Page MenuHomePhabricator

[RISCV] Fix a crash when lowering split float arguments
ClosedPublic

Authored by frasercrmck on May 20 2021, 9:54 AM.

Details

Summary

Lowering certain float vectors without legal vector types could cause a
crash due to a bad interaction between passing floats via GPRs and
argument splitting. Split vector floats appear just like scalar floats.
Under certain situations we choose to pass these float arguments via
GPRs and use an XLenVT location and set the 'BCvt' info to track how
they must be converted back to floating-point values. However, later
logic for handling split arguments may take over, in which case we lose
the previous information and set the 'Indirect' info, thus incorrectly
lowering to integer types.

I don't believe that we would have come across the notion of split
floating-point arguments before.
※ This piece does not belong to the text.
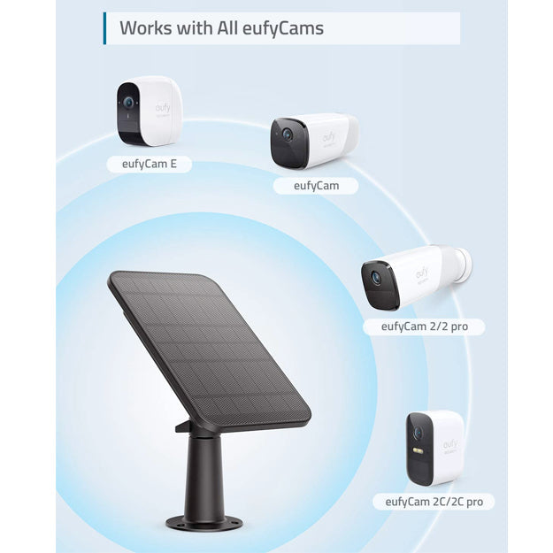 Provide continuous charging for your eufyCam, eufyCam E, eufyCam 2, eufyCam 2 Pro, eufyCam 2C, or eufyCam 2C Pro.

This patch addresses the issue by
updating the lowering so that split arguments are only passed indirectly
when they are scalar integer types.

This has some change to how we lower some larger illegal float vectors,
as can be seen in 'fastcc-float.ll' where the vector is now passed
partly in registers and partly on the stack.

Diff Detail

Event Timeline

frasercrmck created this revision.May 20 2021, 9:54 AM
frasercrmck requested review of this revision.May 20 2021, 9:54 AM
Herald added a project: Restricted Project. · View Herald TranscriptMay 20 2021, 9:54 AM

I'm going to try to review this soon.

The last time I looked at this I had some concerns but I didn't have time to fully investigate them.
To help get this going again, could you please clarify:

  • Is this patch and/or the ABI changes supposed to be (roughly) permanent or just a temporary fix/workaround?
  • Can you provide more details about the "The register arguments seem to occupy unused stack slots, which I've observed in other vector tests"?

The last time I looked at this I had some concerns but I didn't have time to fully investigate them.
To help get this going again, could you please clarify:

  • Is this patch and/or the ABI changes supposed to be (roughly) permanent or just a temporary fix/workaround?
  • Can you provide more details about the "The register arguments seem to occupy unused stack slots, which I've observed in other vector tests"?

Thanks for taking a look. To quickly address the second part, I was a bit presumptuous. I was observing the above, e.g. the `<32 x float> being split into:

; CHECK-NEXT:    fmv.w.x fa0, a0
; CHECK-NEXT:    fmv.w.x fa1, a1
; CHECK-NEXT:    fmv.w.x fa2, a2
; CHECK-NEXT:    fmv.w.x fa3, a3
; CHECK-NEXT:    fmv.w.x fa4, a4
; CHECK-NEXT:    flw ft0, 64(sp)
; CHECK-NEXT:    flw ft1, 68(sp)
...

We (may) never access 0-63(sp) so to a casual observer it seems wasteful to use the stack for those parts of the split value that go into registers a0-a4. But thinking about it further I now know (believe) that this is required in case the function takes the address of its argument. There needs to be a "full" copy of the argument somewhere in memory. I believe I would edit that out of the summary now.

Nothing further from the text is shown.